= Gustavo R. Paz-Pujalt =

Peruvian American scientist and inventor (born 1954)

Gustavo R. Paz-Pujalt (born 1954) is a Peruvian American scientist and inventor. He holds 45 US patents and 59 international patents mainly in the areas of remote sensing, thin films, sensors, and upconversion materials.

==Education==
Paz-Pujalt was born August 9, 1954, in Arequipa, Peru. He is of Galician and Welsh descent on his father's side and Catalan and Basque on his mother's. He graduated from San Andrés (Colegio), an Anglo Peruvian college preparatory school in Lima, Peru.
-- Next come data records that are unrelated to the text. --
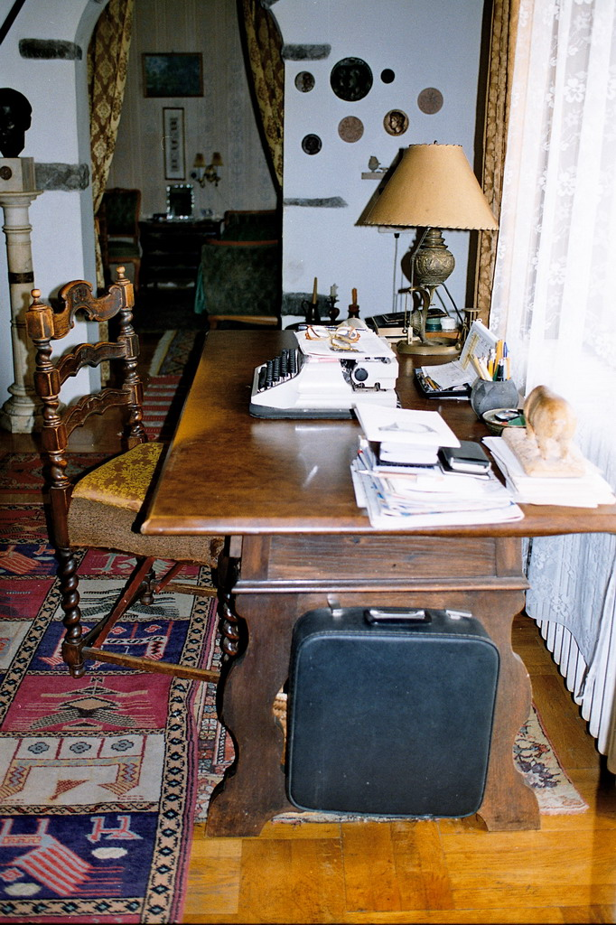 Detail of Hubert Kessler's flat in Budapest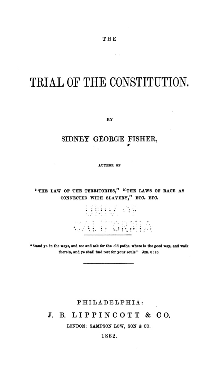 Title page of book by Sidney George Fisher titled "The Trial of the Constitution" published in 1862.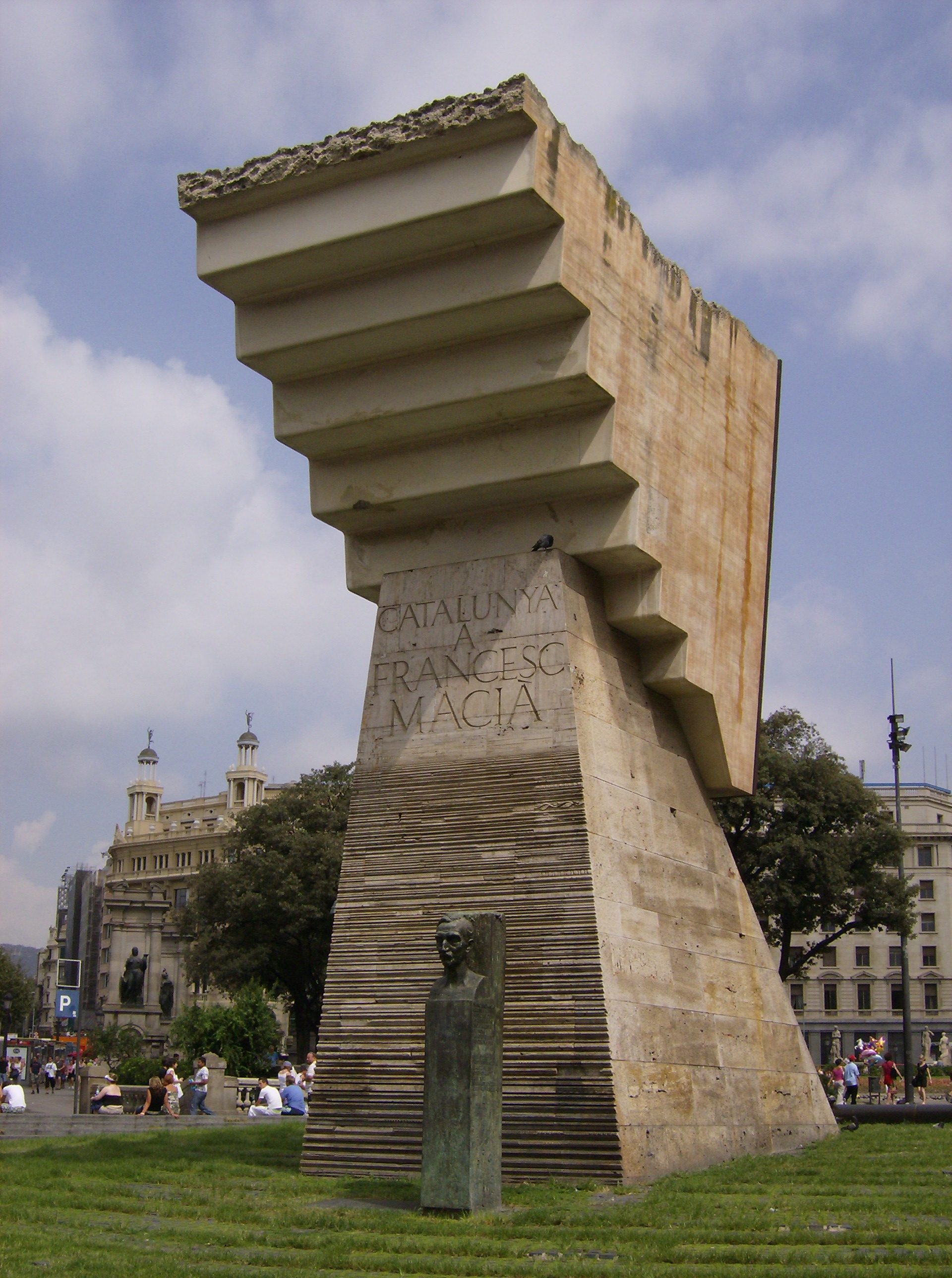 Monument to Francesc Macià, President of the Generalitat de Catalunya, on Plaça de Catalunya (Barcelona).

He graduated with honors and received the Miller Prize for accomplishments in English. Paz-Pujalt did his undergraduate work at the University of Wisconsin-Eau Claire and completed his Ph.D. in physical chemistry at the University of Wisconsin–Milwaukee. His doctoral adviser was George Keulks. He was also mentored by the distinguished professor W. Keith Hall. During this time he studied surface science under Gert Ertl, winner of the Nobel Prize in Chemistry. Additionally, Paz-Pujalt has received numerous executive level diplomas from MIT and Wharton.

==Positions==
He was the Eastman Kodak Company's Senior Research Associate from 1986 to 2004, the Director of Technology for IPValue at Xerox from 2004 to 2007, and is currently the CEO of Idealurgy, a knowledge company, which currently serves the needs of Fortune 500 corporations, International Industry Consortia, and major international research universities. Paz-Pujalt's patents are seminal to the formation of Frintz.com, an industry changing advertising medium. Other parts of his portfolio have been sold or licensed to Intellectual Ventures, IT&T Manufacturing, Excelis, Harris Corporation, Amazon, Meta, Microsoft, and TikTok.